Then, a few days later, I turned on WURD's Morning Show With Bill Anderson. Callers and people writing to him on Facebook, he reported, were saying that the kids were out of control and should be locked up. Then "throw away the key."

"You can say, 'Throw away the key,' " he said, "But these are kids. . . . These are our kids . . . and remember that people are going to come back out."

Anderson's insistence made me think of my recent visits to the Philadelphia Detention Center, which houses "mostly minimum-custody adult males," according to its website, and "inmates serving weekend sentences at Alternative and Special Detention."

Many of these men are indeed coming back out, in months or weeks rather than years.

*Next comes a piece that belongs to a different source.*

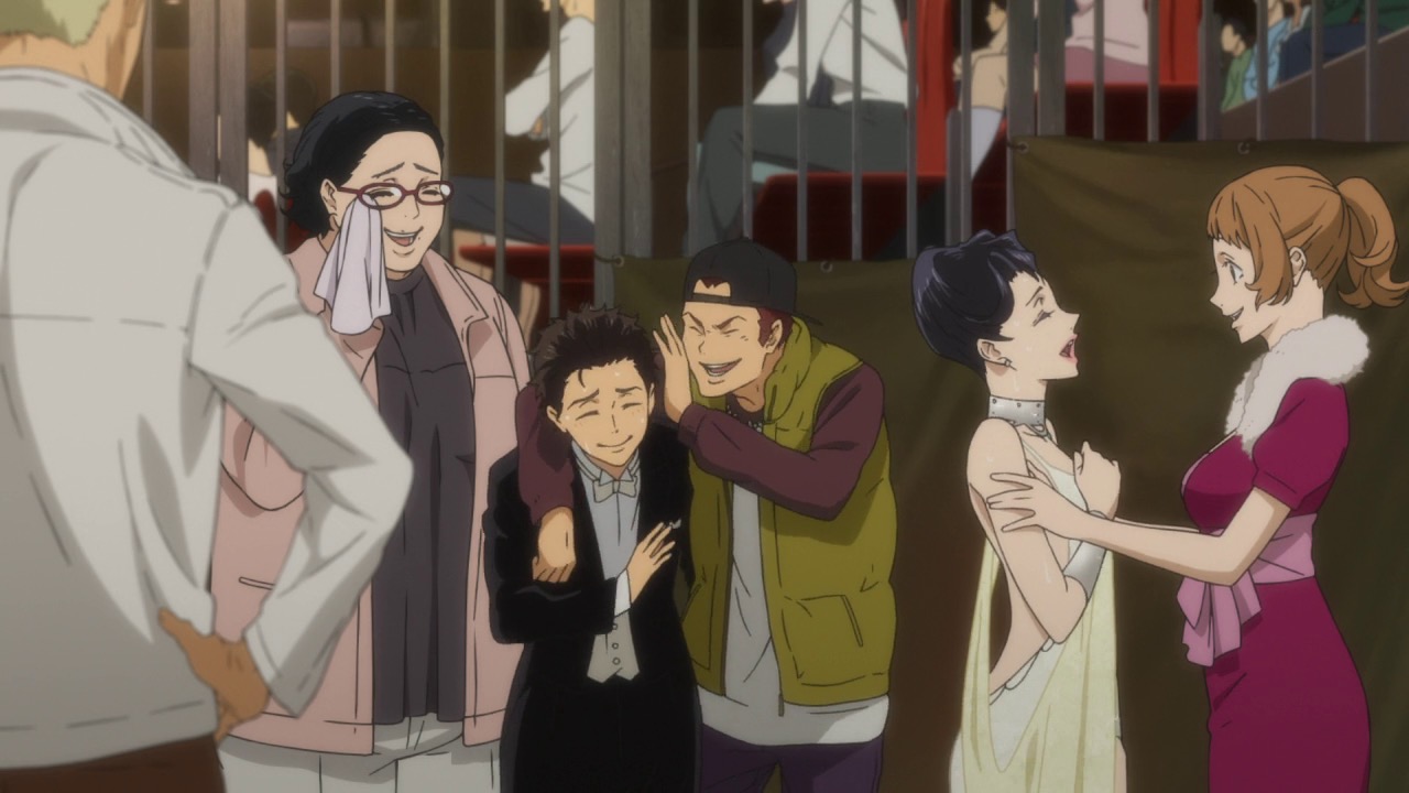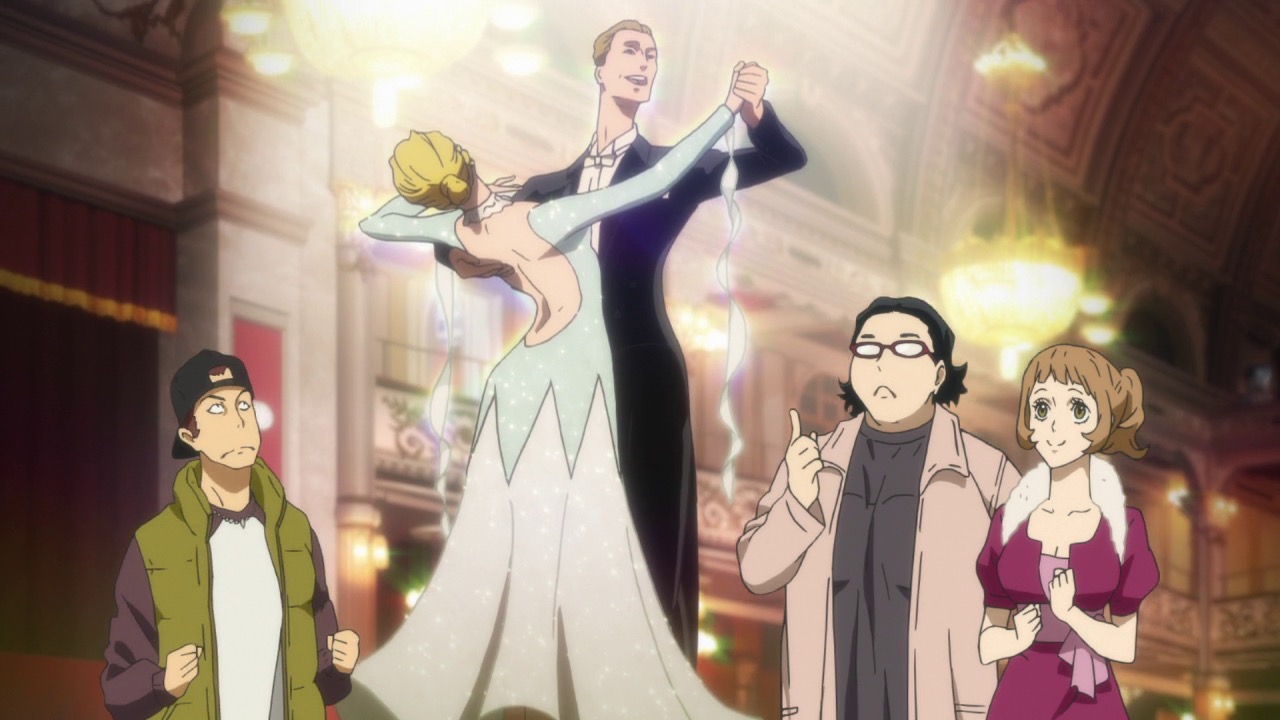 I’m enjoying how they develop Tatara as still very flawed, yet a quick enough learner to pick up on professional techniques and moves so he isn’t stuck doing the box step for the competition. One thing I’m worried about is how pissed Hyodo got from Tatara borrowing his moves to fill in for him alongside Shizuku. Not sure how the switch would impact their placement in the competition, but it might be what causes a bigger rift between Tatara and Hyodo. Also, I laughed when Tatara commented that some of the dancers had long necks.

Research and experience, warden Joyce Brown Adams has said, confirm that intervention during pretrial and short-term incarceration can change lives.

The Detention Center jazz band had been one such intervention activity, but it requires an outside sponsor, and outside groups, the warden said evenly, sometimes lose interest.

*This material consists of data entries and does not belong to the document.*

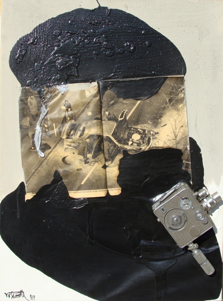 WOLF VOSTELL (1932-) Berlin 4 1989 olio collage oggetto e sabbia su tela cm 80x60x10 il museo Vostell conferma la presenza dell'opera nell'archivio sul retro e sul telaio timbri galleria C.H. Le chanjour Nizza Francia provenienza galleria Soave Alessandria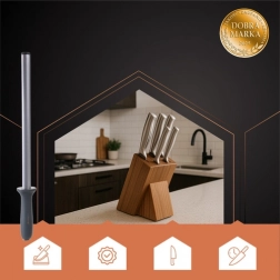 Masatul diamantat RUHHY este un ajutor de neprețuit pentru ascuțirea regulată a cuțitelor, menținându-vă uneltele în condiție perfectă. Mânerul ergonomic și tijă de oțel asigură utilizare confortabilă și durabilă, făcându-l ideal pentru bucătăria profesională și cea de acasă.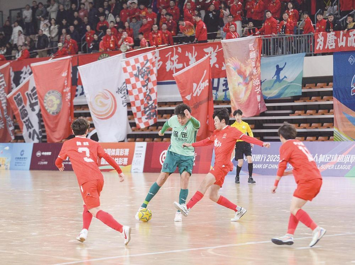 图为比赛现场。 杜雯拓 摄本报讯 (张曦、杨文进)1月24日晚,中国银行2025年河北省五人制足球超级联赛(简称“河北五超”)战罢第24轮,主场作战的唐山队负于“领头羊”保定队。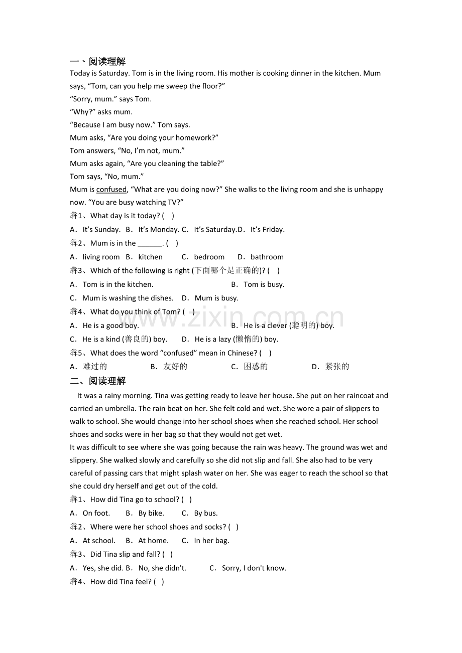 犇5、句意:单词“confused”的中文意思是什么?根据所学和短文语境,可知confused的中文意思是困惑的,故选C。
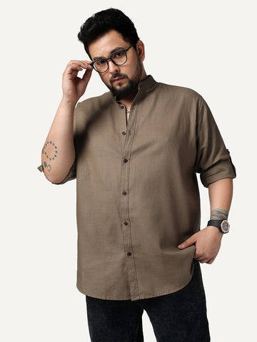 Plus Men's Coffee Linen Blend Full Sleeve Relaxed Fit Mandarin Collar Casual Solid Shirt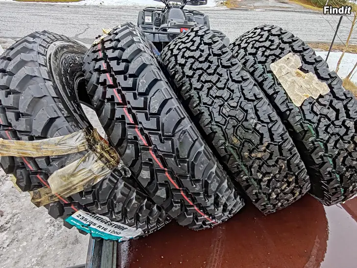 Säljes 2st Bridgestone Dueler M/T 235/85 R16 och 2st BFGoodrich All-Terrain T/A 235/85 R16. Alla fyra har samma dimension och är oanvända. DOT 2008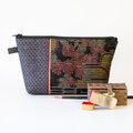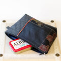 大島や他正絹紬・絣などを切り替えてオシャレに細いラインで締めました手作りポーチです。柄物の生地は表側で良い柄が出るようにしておりますので反対面は成り行きです。内袋は和柄の木綿地や胴裏・八掛などを使っています。細いラインは白大島を手染めでムラ染めにしたものをバイアステープに仕立てております。金茶ライン・赤ラインは正絹八掛をバイアスにしております。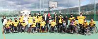 関西unbalanceのメンバーと車いすソフトボールを楽しむ糸井(左)

So, visiting composer and trumpeter Hannibal Lokumbe, whose new choral and orchestral piece will have its premiere at the Kimmel Center in December, began classes for what he calls the Music Liberation Orchestra: part music appreciation, part spiritual memoir workshop.

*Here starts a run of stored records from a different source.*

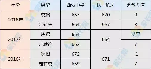 2018年,铁一滨河的统招线为670分,定转统分数线为667;西安中学统招线667分,定转统分数线664分(统招)。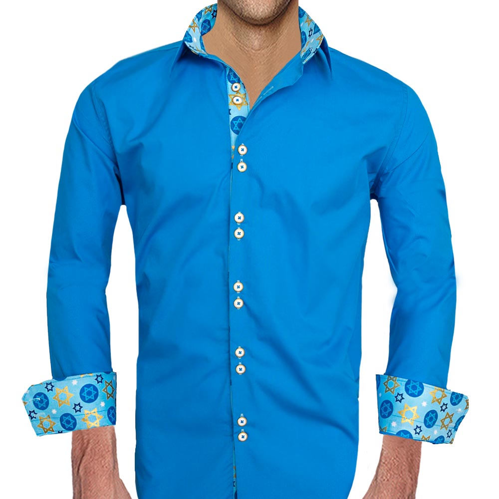 Our Dress Shirts for Hanukkah are destined to be among the finest among menswear. These Dress Shirts for Hanukkah are a blue Italian supremo cotton with Jewish themed accent fabric. Each men’s dress shirt has a unique gold ring double button design and double purl stitched buttonholes.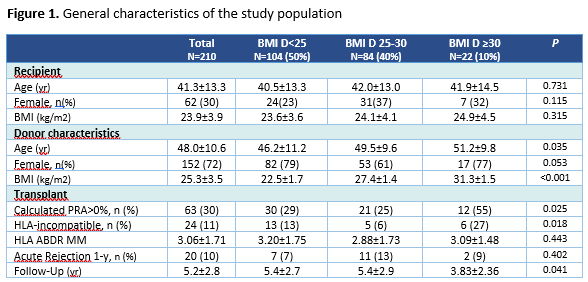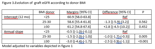 Methods: This is a unicenter retrospective observational study that included LKT between 2008 and 2017. Several clinical data were analyzed as depicted in table1, including the number of acute rejections at the first year, and the graft glomerular filtration rate (eGFR) during the follow-up time (CKD-EPI equation). We grouped donors based on their calculated BMI as follows: <25, 25–30, ≥ 30 kg/m2. The Kaplan-Meier curves and Cox proportional hazards regression were used for survival analysis and linear mixed regression was used to evaluate the slope of recipient eGFR over time, according to BMI groups.

Lokumbe's premise, for his choral work as well as for the classes, is that each of us has a Door of No Return, like the Africans who were brought here into slavery, and that liberation comes when we go back through that door.

He aims to remind his students of their calling: as free men, and, especially, as fathers, because their lives are going to be even harder once they leave. As David Cole wrote in 2009 in the New York Review of Books about three books on the topic:

"In part because prisons today offer inmates little or nothing in the way of job training, education, or counseling regarding their return to society, ex-offenders' prospects for employment, housing, and marriage upon release drop precipitously from their already low levels before incarceration.

"That in turn makes it far more likely that these ex-offenders will return to criminal behavior - and then to prison. Meanwhile, the incarceration of so many young men means more single-parent households, and more children whose fathers are in prison. Children with parents in prison are in turn seven times more likely to be imprisoned at some point in their lives than other children."

More shame and more punishment will indeed scare the Upper Darby boys who dragged their schoolmate through the snow. It may break them. But what can intervene to give them a shot at wholeness? What can change them from wanting to hurt others?

The Music Liberation Orchestra, like underground hip-hop groups, convenes in a circle. On his last visit, Lokumbe had pulled his back. He did not reveal that to the men; he stood and hugged them as they entered. They brought with them the journals they'd been assigned to write for themselves and their children. It's one of the rules of the orchestra, along with renouncing violence and seeking the presence of the divine. I knew it hurt Lokumbe to breathe. He took out his trumpet, wedged his back against the molded plastic chair, and began to play a very old hymn. He played it with a burnished alto compassion, a smaller sound than I've ever heard him play, a hope-whisper that went deep inside to wellsprings that might, just possibly, bubble up within us and water the dry places.

Two weeks later, a fine trombonist, Brent White, and I returned. One inmate who had been skeptical about the orchestra had begun his journal. His face opened up when he said it. He asked us to tell Brother Hannibal that he was writing, and that it helped.